The graph above shows the trend between the three parameters “LightActiveDistance, ModeratelyActiveDistance, and VeryActiveDistance”. Fitbit users who are very active burn the highest calories with respect to the Total Distance covered. Light active users burn lesser calories w.r.t Total Distance covered. Moderately active users also burn the lowest calories w.r.t Total Distance covered. Though each user burns calories at different rates. We can still see in the graph above that the calories burn per day largely decreases with a decrease in the total distance, however this could characterize that more calories can still be burnt as Fitbit users spend less time sitting down or immobile.
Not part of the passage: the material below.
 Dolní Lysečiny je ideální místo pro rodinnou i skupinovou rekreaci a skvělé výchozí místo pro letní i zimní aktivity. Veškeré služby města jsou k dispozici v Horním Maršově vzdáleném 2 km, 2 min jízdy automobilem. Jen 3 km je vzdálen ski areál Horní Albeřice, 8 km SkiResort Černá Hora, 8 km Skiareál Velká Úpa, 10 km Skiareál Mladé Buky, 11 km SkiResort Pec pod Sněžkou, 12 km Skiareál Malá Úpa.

ggplot(data= Immobility_Pattern)+
  geom_smooth(mapping=aes(x= SedentaryMinutes, y= SedentaryActiveDistance, color= "Immobility Trend"))+
  labs(title= "BellaBeat: SedentaryActiveDistance vs SedentaryMinutes", subtitle= "Immobility Pattern")
## `geom_smooth()` using method = 'loess' and formula 'y ~ x'

The plot above shows a trend of Fitbit users’ sedentary active distance against minutes spend. This indicates that Fitbit users spend very little distance being active, and higher time in sedentary mode.Hence, very little calories are burnt as they decide to stay less active or immobile.
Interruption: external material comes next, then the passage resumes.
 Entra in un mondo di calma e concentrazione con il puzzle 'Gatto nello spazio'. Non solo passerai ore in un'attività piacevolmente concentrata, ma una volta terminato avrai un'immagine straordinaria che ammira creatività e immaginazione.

ggplot(data= sleepDay_merged)+
  geom_smooth(aes(x= TotalMinutesAsleep, y= TotalSleepRecords, group=1, color='TotalTimeInBed'))+
  geom_smooth(aes(x= TotalTimeInBed, y= TotalSleepRecords, group=2, color='TotalMinutesAsleep'))+
  ylab('TotalSleepRecords')+
  xlab('SleepDuration')+
  labs(title= "BellaBeat: SedentaryActiveDistance vs SedentaryMinutes", subtitle= "Sleep Pattern")
## `geom_smooth()` using method = 'loess' and formula 'y ~ x'
## `geom_smooth()` using method = 'loess' and formula 'y ~ x'

The graphical plots above show trends in relationship between “TotalTimeInBed, and TotalMinutesAsleep by plotting”TotalSleepRecords” against “SleepDuration”. The graphical plot illustrates the fact that Fitbit users spend more time in bed(Insomnia), relatively to their total sleep records than the time they fall asleep. Even though, both trends seem to be somewhat higher with respect to the total sleep time recorded.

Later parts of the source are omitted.